Having located "書写の授業に地域ボランティアの野原さん、瀧沢さんに指導していただきました。", write out its line and the remaining lines of the material exactly, the last one included, but not the pictures.

= Records for this task =
————————
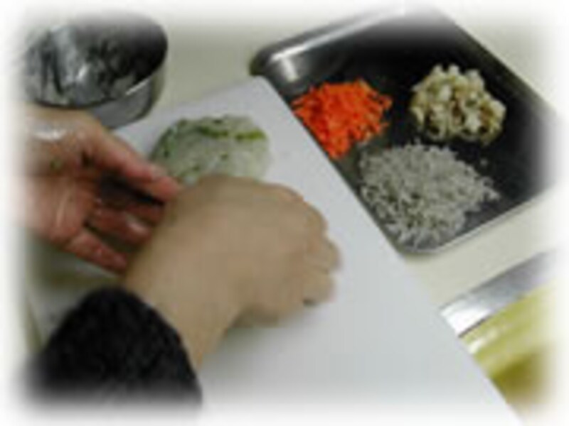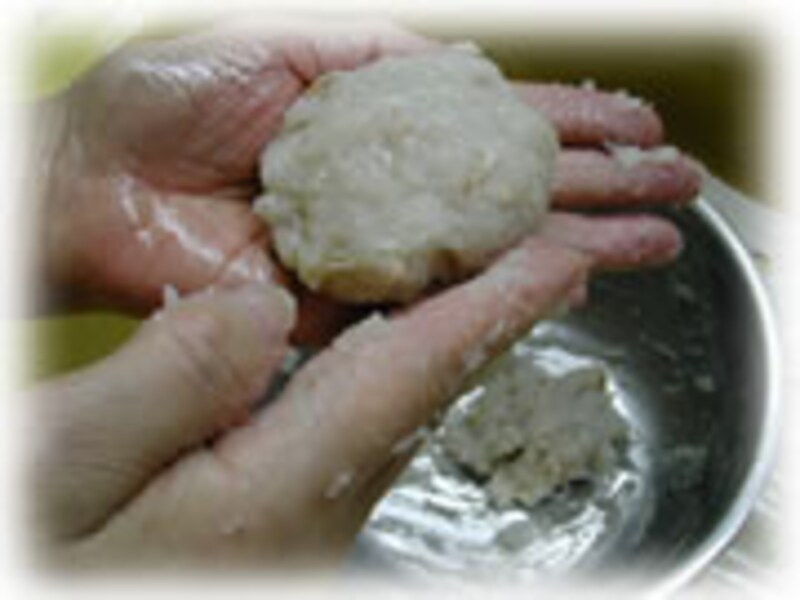 | 5・タラのすり身に、ホタテのみじん切りと、ネギのみじん切りを加えてみました。 | 6・手に少量のサラダ油を塗り、1cmくらいの厚さの小判型に成形します。 | |
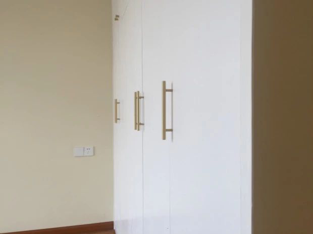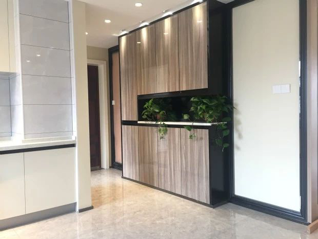 木柜整洁大方,近看以及用手摸未发现划痕迹象,木门和柜门开关未见异常。
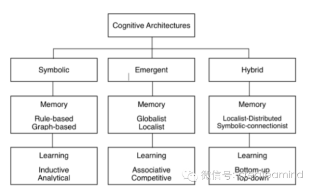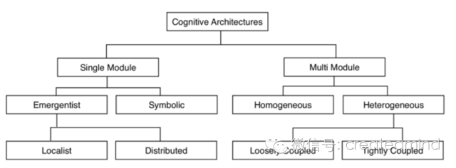 有趣的是,层创式架构只在最近时期才获得更多的比重,尽管这一方向的研究至少与传统人工智能一样活跃。例如 Langley 等人 [22] 在他们的调查中没有加入联结主义模型,因为他们没有发现这一架构与符号模型和混合模型相同的功能。
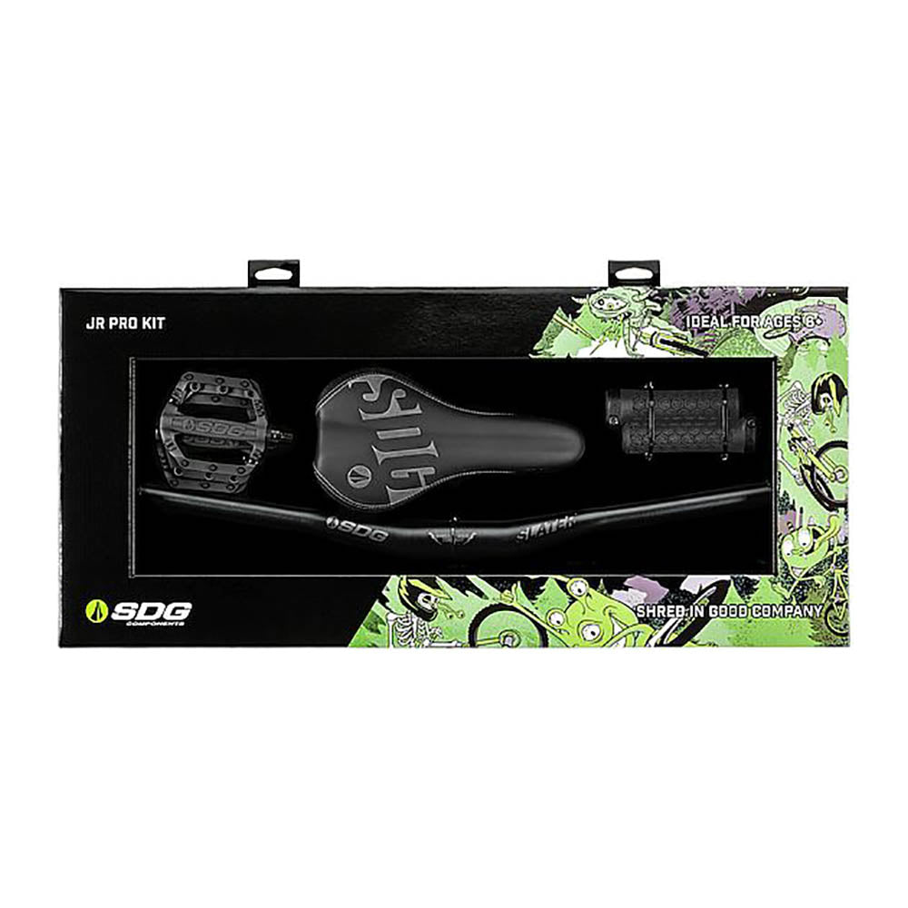 Sold as an all in one package, the JR Pro Kit includes a Slater handlebar with smaller 19mm diameter bar ends to fit the smaller 25-26mm diameter lock on grips that are included, Slater pedals with replaceable pins, and a Fly Jr. Saddle to cap things off.
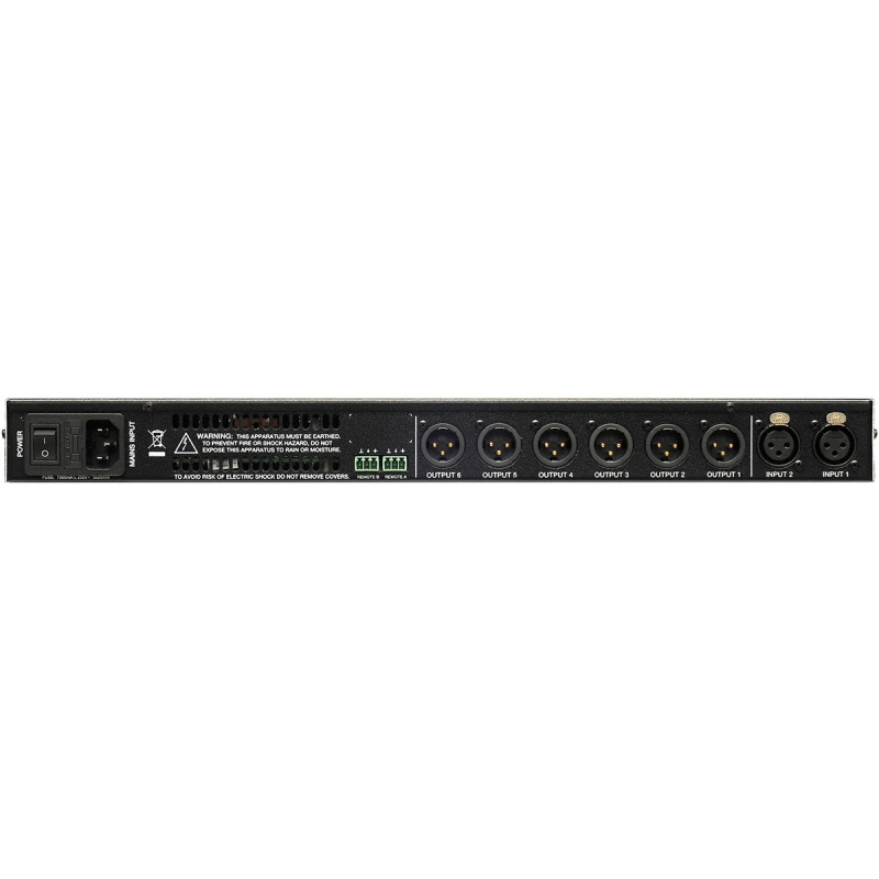 Задержки, 8-канальные графические эквалайзеры, фильтры, компрессоры на каждый вход. 2 линейных входа (XLR), 6 выходов (XLR).
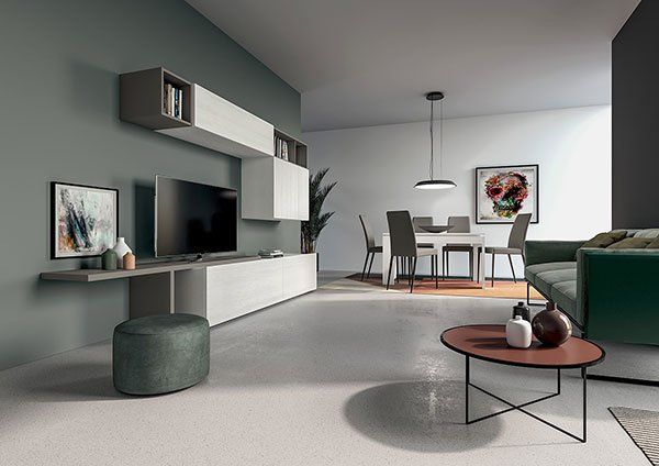 Il moderno non è mai fuori moda, ed è sicuramente lo stile più versatile, composto da poltrona e divano imbottiti, una parete attrezzata e magari una libreria.
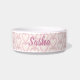 Show je liefde voor je kostbare vier bedekte familielid met deze kom die een patroon van bleek roze gestippelde harten bevat. Voeg de naam van uw huisdier eenvoudig toe aan het vak dat u hebt meegeleverd.
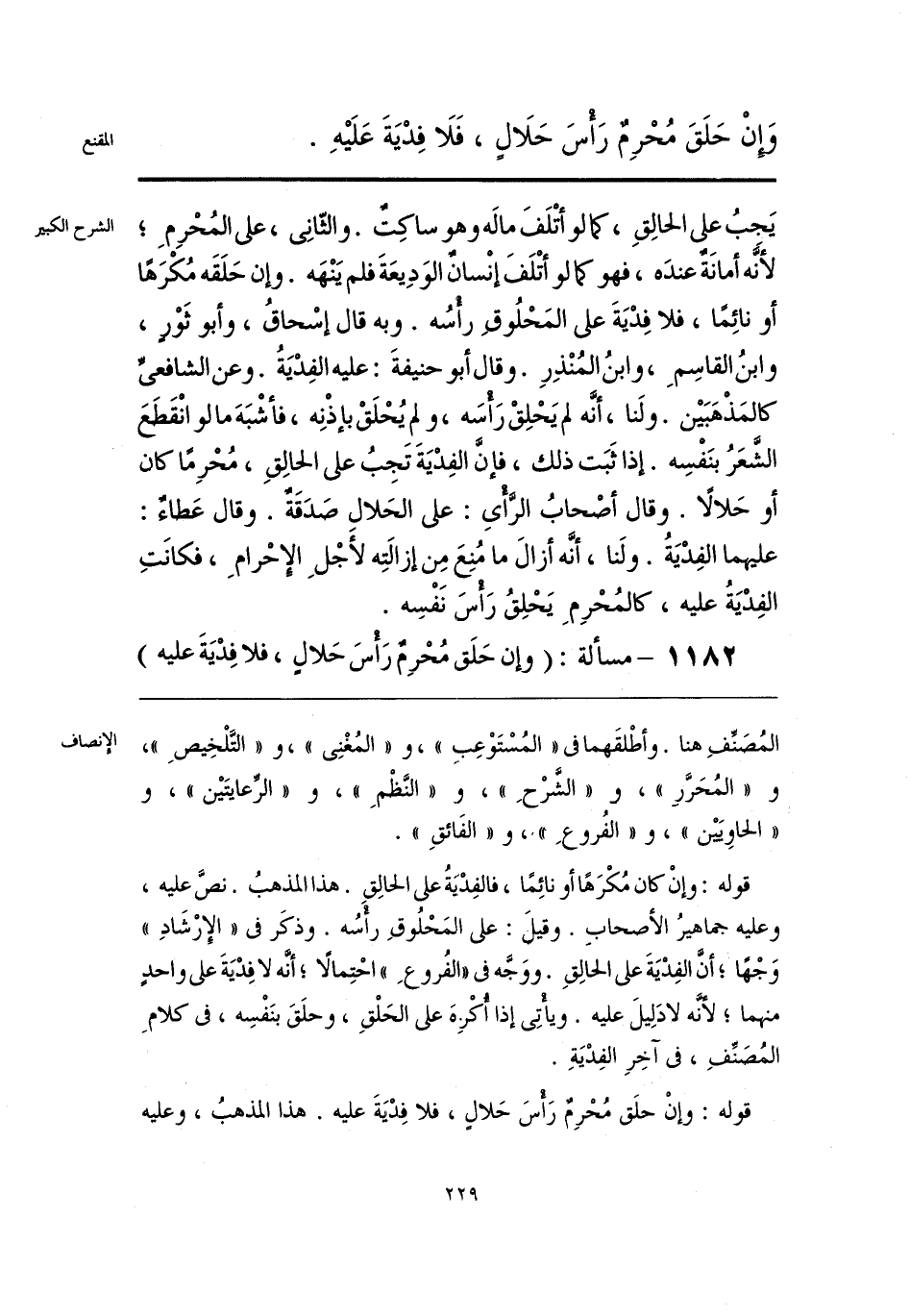 قوله: وإنْ كان مُكْرَهًا أو نائِمًا، فالفِدْيَةُ على الحالِق. هذا المذهبُ. نصَّ عليه، وعليه جماهيرُ الأصحابِ. وقيلَ: على المَحْلُوقِ رأْسُه. وذكَر فى «الإِرْشَادِ» وَجْهًا؛ أنَّ الفِدْيَةَ على الحالِقِ. ووَجَّه فى «الفُروعِ» احْتِمالًا؛ أنَّه لا فِدْيَةَ على واحدٍ فهما؛ لأنَّه لا دَلِيلَ عليه. ويأْتِى إذا أُكْرِهَ على الحَلْقِ، وحلَقَ بنَفْسِه، فى كلامِ المُصَنِّفِ، فى آخِرِ الفِدْيَةِ.
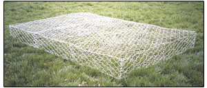 石籠網是金屬線材編織的角形網(六角網)制成的網箱,使用的金屬線徑是根據六角形的大小而不同.如果是金屬鍍層的金屬線六角形,則使用線徑為2.0mm到4.0mm的金屬線,如果是PVC包覆的金屬線編織的六角網,則使用外徑為3.0mm到4.5mm的PVC(金屬)線.外框邊緣的線則使用比六角網線粗一號的線。
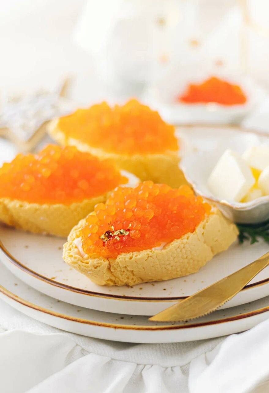 Бутерброд с икрой представлен в виде порционного пирожного, где:
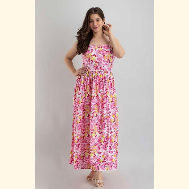 Be the first to review “Pink & Yellow Abstract Printed Maxi Dress” Cancel reply
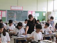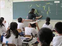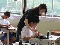 書写の授業に地域ボランティアの野原さん、瀧沢さんに指導していただきました。
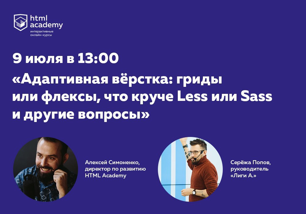 9 июля в 13:00 в прямом эфире поговорим о продвинутых инструментах верстальщика: адаптивная или резиновая вёрстка, флексы или гриды? Less или Sass? Что это всё такое и зачем?
————————
= Task response =
 書写の授業に地域ボランティアの野原さん、瀧沢さんに指導していただきました。
 9 июля в 13:00 в прямом эфире поговорим о продвинутых инструментах верстальщика: адаптивная или резиновая вёрстка, флексы или гриды? Less или Sass? Что это всё такое и зачем?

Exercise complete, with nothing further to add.